How to cancel already started calculations when the client disconnected?
Spoiler: stackfull fibers will help us to give each task processor time in quanta of 16 ms.
Alexey Kozyatinsky - JavaScript debugging using Chrome DevTools

Andrey Starovoit - TypeScript: why is it so complicated?

- How did it all start?
- What is wrong with types in TypeScript?
- Is it possible to “stretch” typical information in runtime?
- How are TypeScript types different from types in other programming languages?
- What to expect in the future?
Victor Vershansky - Subtleties of Mongoose: Discriminators, Nested Schemas, Virtuals

Mongoose Basics:
- Basic principles and approaches to work.
- Typical beginner mistakes.
Why and how:
- Virtual fields and virtual methods.
- Nested schemas.
- Discriminators.
Mikhail Poluboyarinov - What to expect from JavaScript in 2018?

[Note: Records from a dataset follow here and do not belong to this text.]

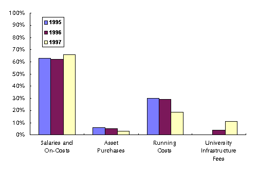 research and heritage projects. In 1996, the Industry Sector provided over 90 per cent of ASAP's income. While the income from Scientific and Medical Institutions increased by 9 per cent, this reflected increased commitments by existing clients rather than new work. ASAP's expenditure changed between 1995 and 1996 with salary expenditure increasing by 22 per cent and spending on assets by 10 per cent, reflecting the increased infrastructure needed to run large-scale projects. The overall division of spending between areas remained relatively constant, with salaries by far our main expense. 1996 also saw a substantial increase (38 per cent) in project specific expenditure. This expenditure reflects the cash flow generated by large purchases made by ASAP on behalf of our clients, which attract an administrative fee but do not otherwise add to ASAP's revenue. Figures 3a and 3b detail the income and expenditure breakdown for 1995 and 1996.
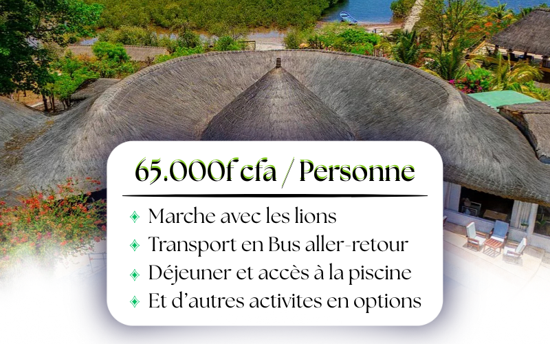 Partez pour une journée inoubliable dans les Îles du Saloum avec transport aller-retour inclus. Vivez une expérience unique avec la marche avec les lions, profitez d’un déjeuner savoureux et d’un accès à la piscine dans un cadre naturel et paisible. En option, explorez les merveilles du Saloum avec une balade en pirogue dans les mangroves et la visite d’autres sites emblématiques.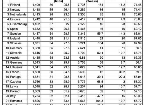 At the top of the ranking is Finland, with a total score of 71.45 out of 100. Finnish employees work an average of 1,499 hours per year, significantly less than countries such as Australia or the US, and are entitled to 36 days of paid leave. Family policies are especially generous: mothers can take up to 161 weeks of paid maternity leave while fathers are granted more than 16 weeks. People in Finland also spend about 15.2 hours each day on personal care and leisure, face an average commute of just over 25 minutes, and report a happiness score of 7.7 out of 10. Remote work opportunities are also strong, making Finland the clear leader.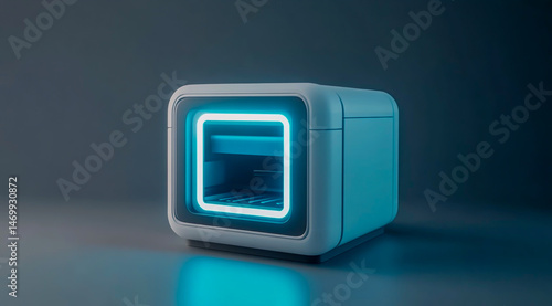 Futuristic 3d render of a cubical appliance featuring blue glowing neon light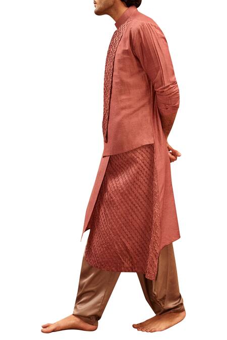 A rust tone asymmetric hem kurta enhanced with pintuck texture detailing. Coordinated with brown patiala-style pants and cut out from luxurious fabrics.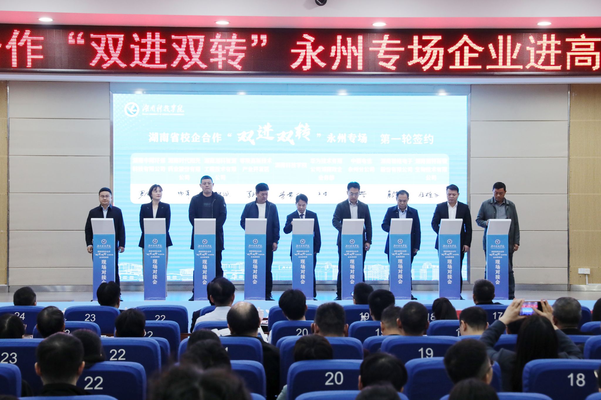 2025年10月,我校举行湖南省校企合作“双进双转”企业进高校现场对接活动永州专场,与湖南中稀环保科技有限公司等16家企事业单位签订产学研合作协议。

Denis Kolodin - Yew: Rust + WASM-framework for creating a Single-Page Application

Lyza Danger Gardner - Web Annotation: The Web's Conversation Layer

But with this free come difficulties also. Those who publish content lose control over what people say about it. And the standard itself does not imply protection from the capture of discussions by trolls. The evolution of Web Annotation shows in miniature the evolution of the entire Internet - with the same issues of security, identification and freedom.
Finally, there are three cases where we are not yet ready to provide a description of the report, but we can say something.
Firstly, Alexey Kalmakov will present the topic “Offline VS Online Client Speed Metrics”.
Secondly, Nikolai Ryzhikov will be another speaker : an activist of the Clojure and FProg communities, a member of the FHIR standard development committee, CTO of the Health Samurai project.
And thirdly, the report of Ilya Klimov will end the conference . Prior to that, he spoke at HolyJS with the theme “Strict” JavaScript: types versus reality ”- and 6,000 views of the video speak for themselves. Presumably, this time it will turn out no less interesting.
If you finally realized what you want on HolyJS, you can purchase a ticket on the site . And if you still don’t understand, and you need some more information (for example, the exact schedule of reports), you can find it there.